Are NNN properties good investments?

Yes, NNN properties are often good commercial real estate investments. That’s because many of them are low-risk, leave minimal responsibilities to the landlord, and generate long-term passive income. 

What are the best triple-net lease tenants?

Some of the best triple lease tenants are FedEx, Advance Auto Parts, Family Dollar, Dollar General, and Starbucks. These companies offer attractive cap rates between 5% and 6% and all have attractive credit ratings per S&P Global Ratings. 

Can you negotiate a triple-net lease?

Tenants can negotiate a triple-net lease to make it more favorable.
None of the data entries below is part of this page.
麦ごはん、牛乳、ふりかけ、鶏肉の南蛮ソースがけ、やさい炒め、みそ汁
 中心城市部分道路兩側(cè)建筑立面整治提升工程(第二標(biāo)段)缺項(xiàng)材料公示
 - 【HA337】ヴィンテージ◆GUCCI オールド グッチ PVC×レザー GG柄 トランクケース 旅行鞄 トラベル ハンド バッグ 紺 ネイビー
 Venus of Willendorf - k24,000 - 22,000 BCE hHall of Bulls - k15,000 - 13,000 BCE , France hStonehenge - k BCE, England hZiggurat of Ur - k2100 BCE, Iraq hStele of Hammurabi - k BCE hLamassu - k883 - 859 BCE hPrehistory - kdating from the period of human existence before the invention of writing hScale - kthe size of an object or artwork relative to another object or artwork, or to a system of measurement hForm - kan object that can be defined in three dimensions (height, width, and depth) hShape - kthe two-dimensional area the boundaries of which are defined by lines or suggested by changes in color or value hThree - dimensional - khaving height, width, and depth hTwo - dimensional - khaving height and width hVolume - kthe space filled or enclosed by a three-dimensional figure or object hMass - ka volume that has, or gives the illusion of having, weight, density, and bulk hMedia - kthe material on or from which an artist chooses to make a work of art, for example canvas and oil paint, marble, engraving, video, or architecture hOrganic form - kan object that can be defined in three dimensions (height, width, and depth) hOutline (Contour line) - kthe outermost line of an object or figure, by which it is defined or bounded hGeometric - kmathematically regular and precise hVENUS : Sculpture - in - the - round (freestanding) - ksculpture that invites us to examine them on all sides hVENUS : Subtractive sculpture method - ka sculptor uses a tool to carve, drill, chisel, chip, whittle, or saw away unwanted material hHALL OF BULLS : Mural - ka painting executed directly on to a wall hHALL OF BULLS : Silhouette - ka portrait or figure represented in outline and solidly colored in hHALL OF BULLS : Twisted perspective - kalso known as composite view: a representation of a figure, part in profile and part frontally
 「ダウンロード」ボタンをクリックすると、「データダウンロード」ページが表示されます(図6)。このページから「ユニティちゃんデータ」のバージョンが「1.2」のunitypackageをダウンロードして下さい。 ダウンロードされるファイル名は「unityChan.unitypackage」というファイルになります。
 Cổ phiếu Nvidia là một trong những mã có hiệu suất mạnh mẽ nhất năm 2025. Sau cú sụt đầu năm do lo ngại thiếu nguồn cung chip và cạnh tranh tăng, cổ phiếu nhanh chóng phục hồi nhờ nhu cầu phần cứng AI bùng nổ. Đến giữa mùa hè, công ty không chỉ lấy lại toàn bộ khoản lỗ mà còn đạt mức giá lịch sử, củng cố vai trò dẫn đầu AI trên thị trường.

One of the key points tenants often want to negotiate is the base rental amount. If the tenant is responsible for all overhead with a NNN lease, they may want a lower base fee. 

Can a triple-net lease have a base year?

Triple-net leases cannot have a base year. That’s because the base year is tied to discovering the monetary amount of expenses for property taxes, insurance, and maintenance. In NNN leases, the tenant is responsible for all of those costs.  

Can you get out of a triple net lease?

Triple-net leases that are bondable are often more difficult to get out of. But you can get out of a triple-net lease. Many companies have cancellation options in their leases on a yearly basis after the initial term of the lease.